RECORDED INFORMATION -
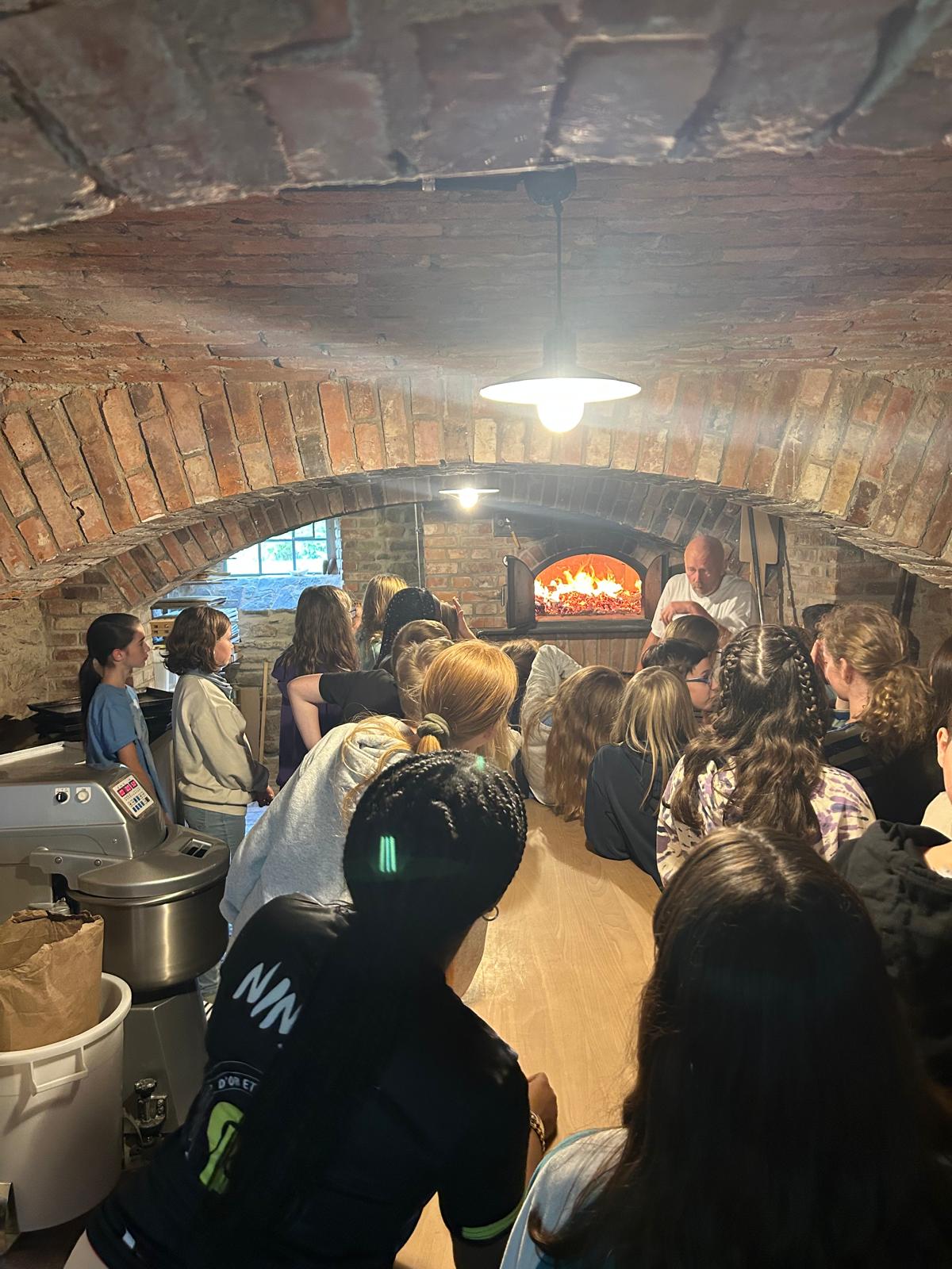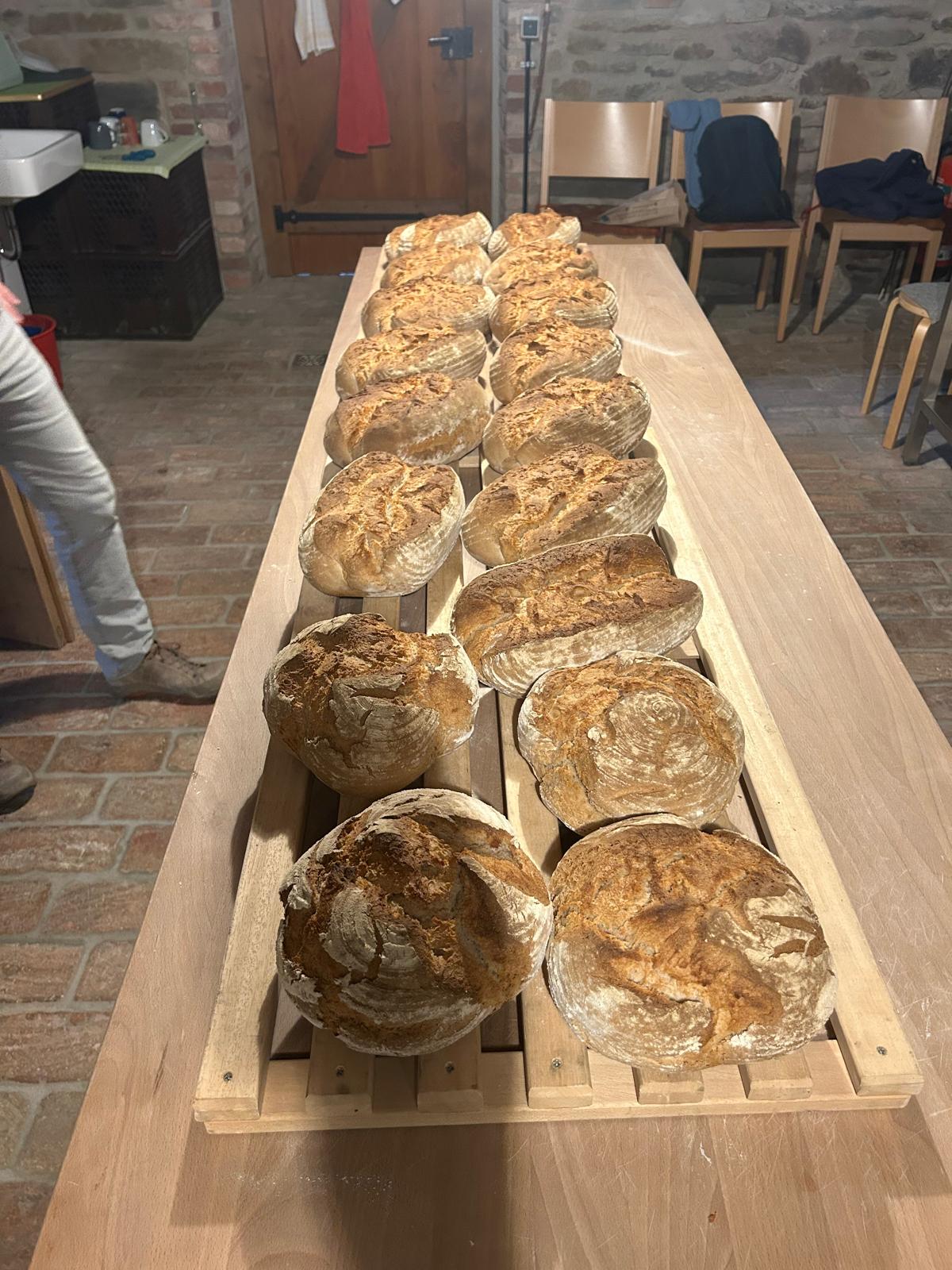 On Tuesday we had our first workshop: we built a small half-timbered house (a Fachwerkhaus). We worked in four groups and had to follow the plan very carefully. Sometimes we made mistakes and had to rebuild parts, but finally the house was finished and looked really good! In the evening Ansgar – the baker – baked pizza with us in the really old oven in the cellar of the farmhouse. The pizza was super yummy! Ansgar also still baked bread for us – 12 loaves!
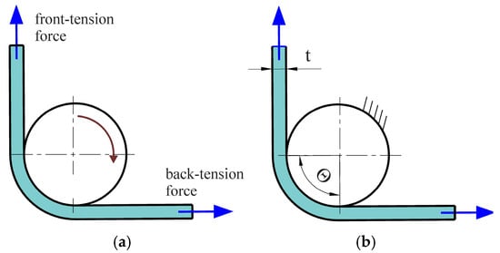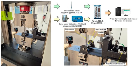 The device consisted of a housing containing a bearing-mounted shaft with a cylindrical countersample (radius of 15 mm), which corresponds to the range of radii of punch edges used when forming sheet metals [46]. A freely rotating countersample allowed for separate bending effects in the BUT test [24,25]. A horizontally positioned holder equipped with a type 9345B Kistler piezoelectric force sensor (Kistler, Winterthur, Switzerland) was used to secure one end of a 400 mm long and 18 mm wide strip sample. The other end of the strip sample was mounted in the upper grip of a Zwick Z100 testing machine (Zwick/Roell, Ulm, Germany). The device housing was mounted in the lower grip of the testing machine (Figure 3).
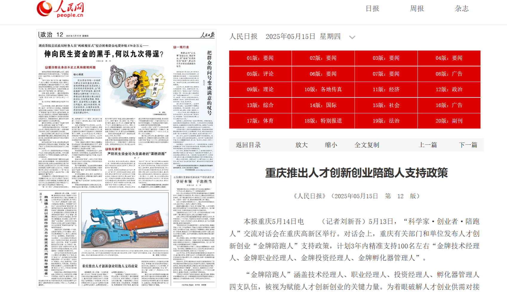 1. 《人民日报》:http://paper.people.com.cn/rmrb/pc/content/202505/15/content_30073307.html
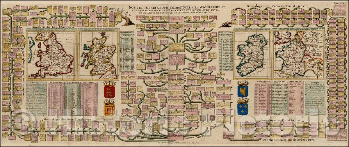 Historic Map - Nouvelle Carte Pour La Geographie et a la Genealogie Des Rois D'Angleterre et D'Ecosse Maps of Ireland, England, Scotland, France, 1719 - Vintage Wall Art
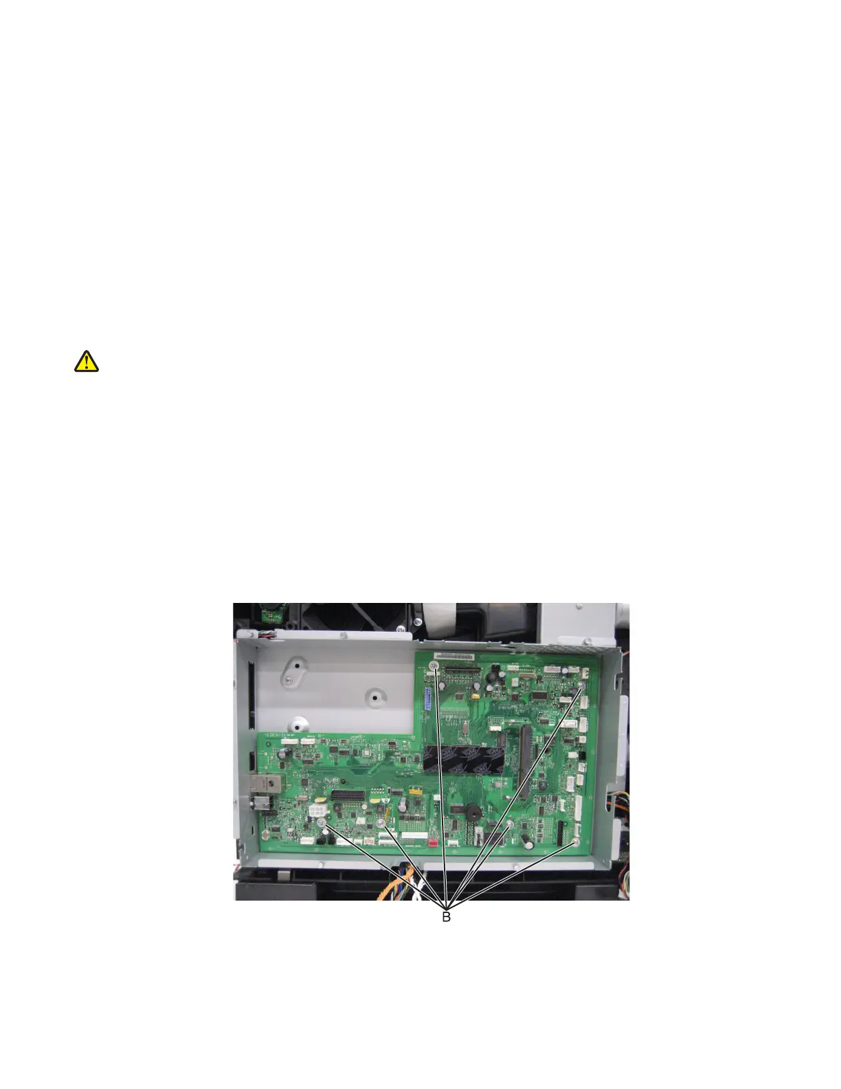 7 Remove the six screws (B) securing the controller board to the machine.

EXERCISE DETAILS -
Only the lines from the top of the material through the line containing "1. 《人民日报》:http" should be written out, exactly and without pictures.

RESULT FOR THIS EXERCISE -
 On Tuesday we had our first workshop: we built a small half-timbered house (a Fachwerkhaus). We worked in four groups and had to follow the plan very carefully. Sometimes we made mistakes and had to rebuild parts, but finally the house was finished and looked really good! In the evening Ansgar – the baker – baked pizza with us in the really old oven in the cellar of the farmhouse. The pizza was super yummy! Ansgar also still baked bread for us – 12 loaves!
 The device consisted of a housing containing a bearing-mounted shaft with a cylindrical countersample (radius of 15 mm), which corresponds to the range of radii of punch edges used when forming sheet metals [46]. A freely rotating countersample allowed for separate bending effects in the BUT test [24,25]. A horizontally positioned holder equipped with a type 9345B Kistler piezoelectric force sensor (Kistler, Winterthur, Switzerland) was used to secure one end of a 400 mm long and 18 mm wide strip sample. The other end of the strip sample was mounted in the upper grip of a Zwick Z100 testing machine (Zwick/Roell, Ulm, Germany). The device housing was mounted in the lower grip of the testing machine (Figure 3).
 1. 《人民日报》:http://paper.people.com.cn/rmrb/pc/content/202505/15/content_30073307.html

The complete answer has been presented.